REQUIRED WORK: Print every line from the start of the data, and when you reach the line with "Guía de Naturaleza", include it and stop. Pictures are not part of the copy.

============================================================

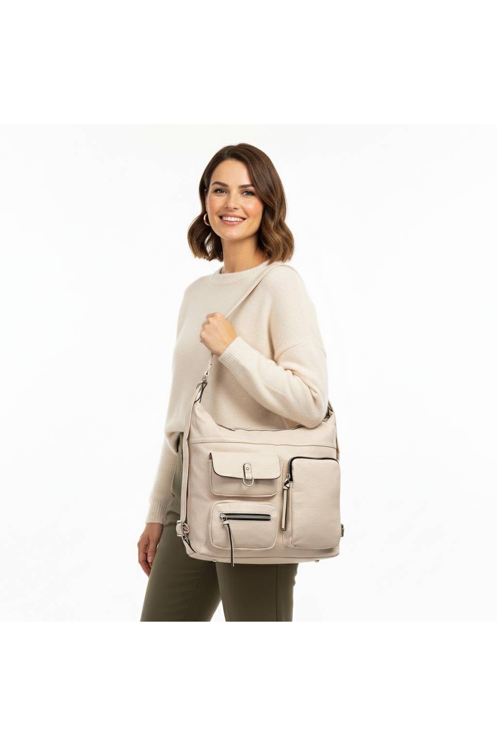 Hledáte kabelku, která vypadá stylově a zároveň je maximálně praktická? Tento model je skvělý na každý den. Díky chytrému řešení 2v1 ji můžete nosit jako klasickou kabelku přes rameno nebo jako batoh – ideální do města, do práce, na cestování i na nákupy. Přední část doplňují více zipové kapsy, takže všechny důležité věci máte vždy po ruce.
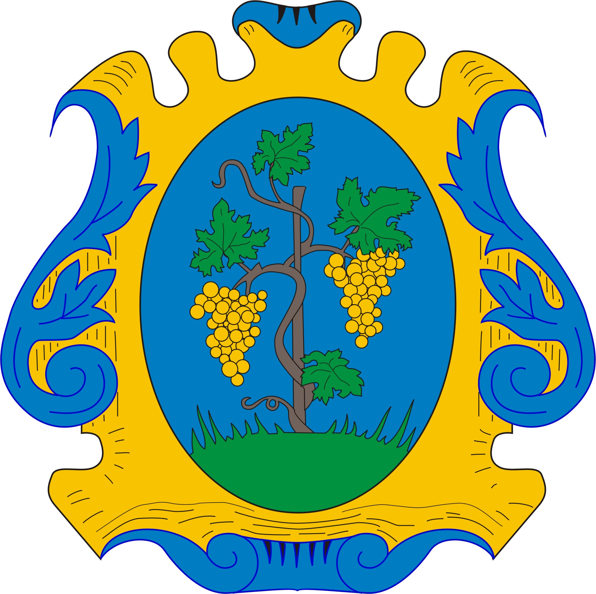 A címer állított, ovális címerpajzs, közepén kék mezőben zöld talajon természethű, szőlőkaró köré tekeredő szőlőtőkén balról és jobbról egy-egy arany (sárga) szőlőfürt, valamint két-két szőlőlevél.
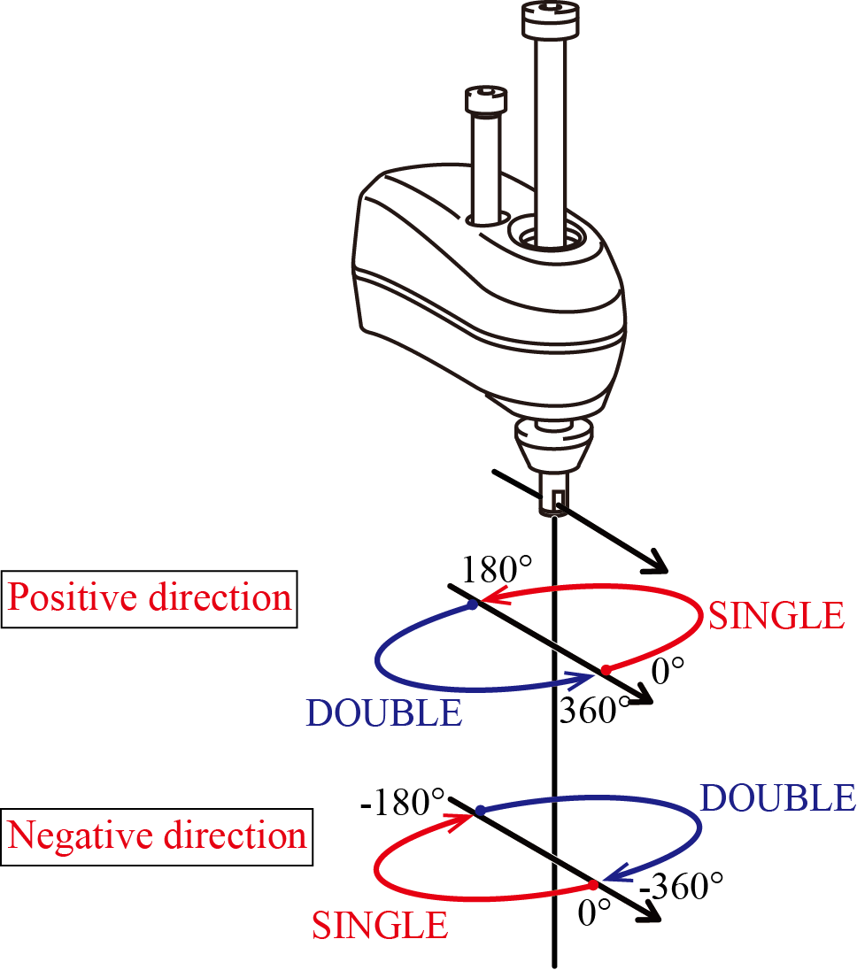 If the rotation angle (θ4) of the 4th axis is within the range of -180°<θ4≤180° around the Z axis in mechanical interface coordinates, the figure is SINGLE; if it is within the range of 180°<θ4≤360° or -360°<θ4≤-180°, the figure is DOUBLE.
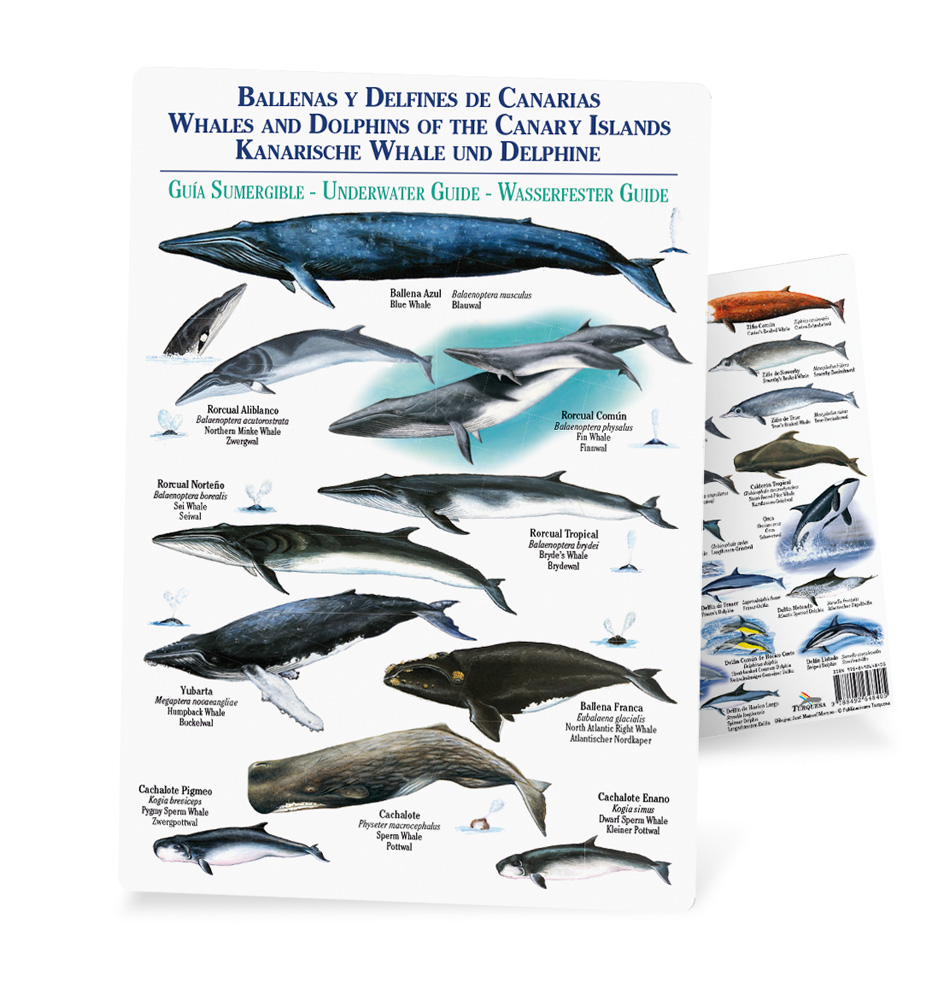 Guía de Naturaleza de Canarias para la identificación de ballenas y delfines. Lámina encapsulada sumergible. 28 ilustraciones científicas para la identificación de los cetáceos que surcan las aguas canarias. Del biólogo marino e ilustrador científico de fauna canaria José Manuel Moreno. Formato: 15 x 21 cm.
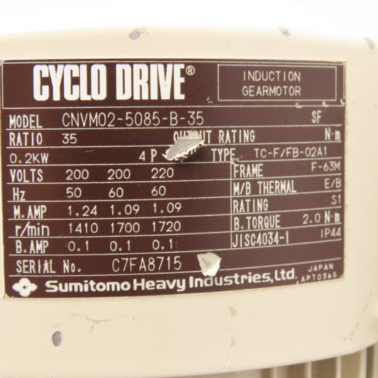 Sumitomo CNVM02-5085-B-35 35:1 Ratio Cyclo Drive Gearmotor 0.2kW 200/220V
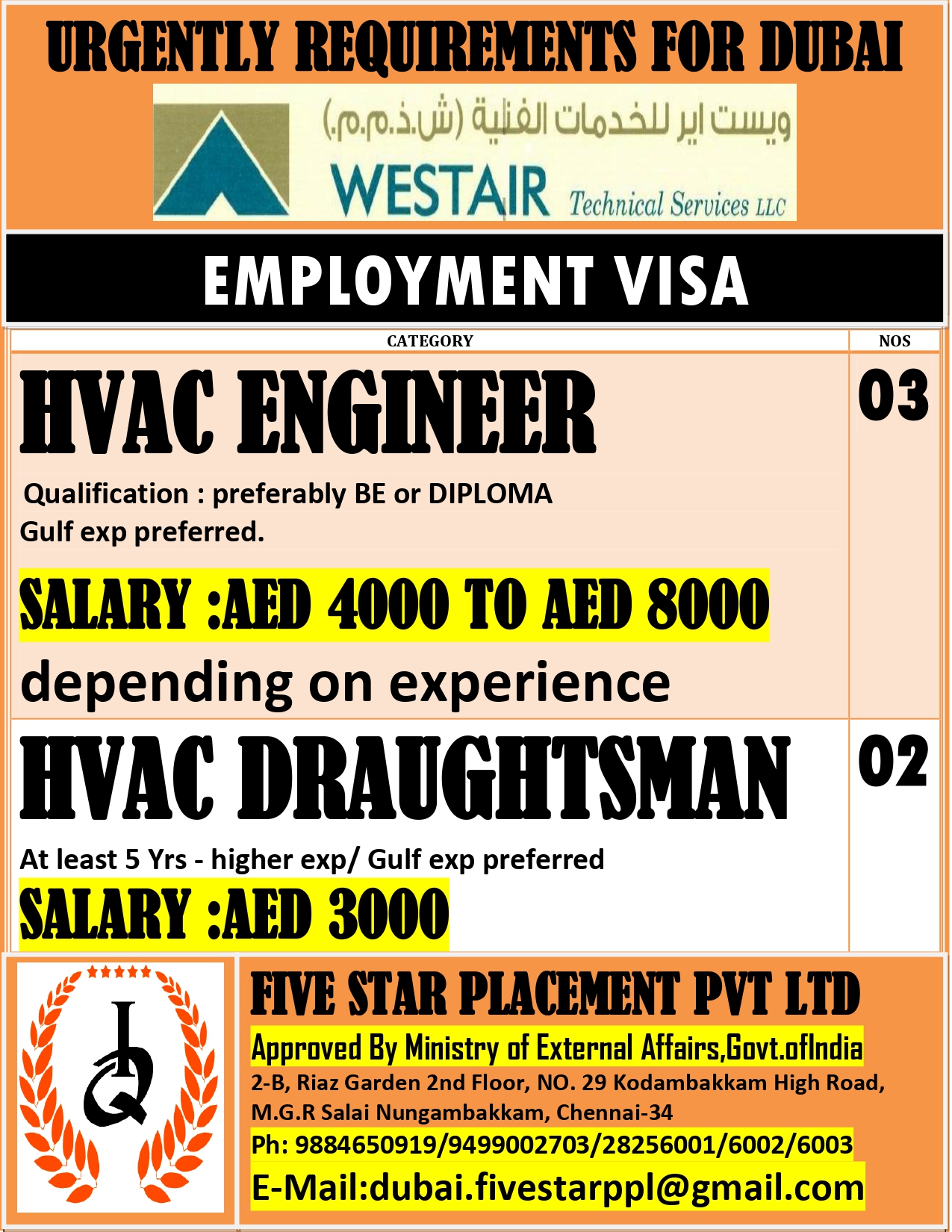URGENT REQUIREMENT FOR DUBAI Interested candida tes can share your cv along with all credentials below Mail Id EMAIL: [email protected] CONTACT NO : 9884650919/044-28256001/28256002/28256003
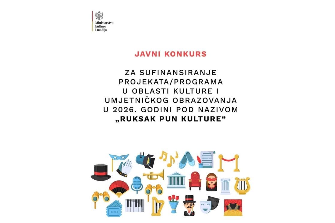 Ministarstvo kulture i medija raspisalo jenovi Javni konkurs za sufinansiranje projekata i programa u oblasti kulture i umjetničkog obrazovanja u 2026. godini, pod nazivom „Ruksak pun kulture“, koji je otvoren do 2. marta.
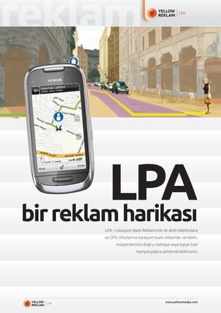 LPA- Lokasyon Bazlı Reklamcılık ile akıllı telefonlara ve GPS cihazlarına lokasyon bazlı reklamlar verebilir, müşterilerinizi doğru noktaya veya kişisel özel kampanyalara yönlendirebilirsiniz.

============================================================

THE ANSWER:
 Hledáte kabelku, která vypadá stylově a zároveň je maximálně praktická? Tento model je skvělý na každý den. Díky chytrému řešení 2v1 ji můžete nosit jako klasickou kabelku přes rameno nebo jako batoh – ideální do města, do práce, na cestování i na nákupy. Přední část doplňují více zipové kapsy, takže všechny důležité věci máte vždy po ruce.
 A címer állított, ovális címerpajzs, közepén kék mezőben zöld talajon természethű, szőlőkaró köré tekeredő szőlőtőkén balról és jobbról egy-egy arany (sárga) szőlőfürt, valamint két-két szőlőlevél.
 If the rotation angle (θ4) of the 4th axis is within the range of -180°<θ4≤180° around the Z axis in mechanical interface coordinates, the figure is SINGLE; if it is within the range of 180°<θ4≤360° or -360°<θ4≤-180°, the figure is DOUBLE.
 Guía de Naturaleza de Canarias para la identificación de ballenas y delfines. Lámina encapsulada sumergible. 28 ilustraciones científicas para la identificación de los cetáceos que surcan las aguas canarias. Del biólogo marino e ilustrador científico de fauna canaria José Manuel Moreno. Formato: 15 x 21 cm.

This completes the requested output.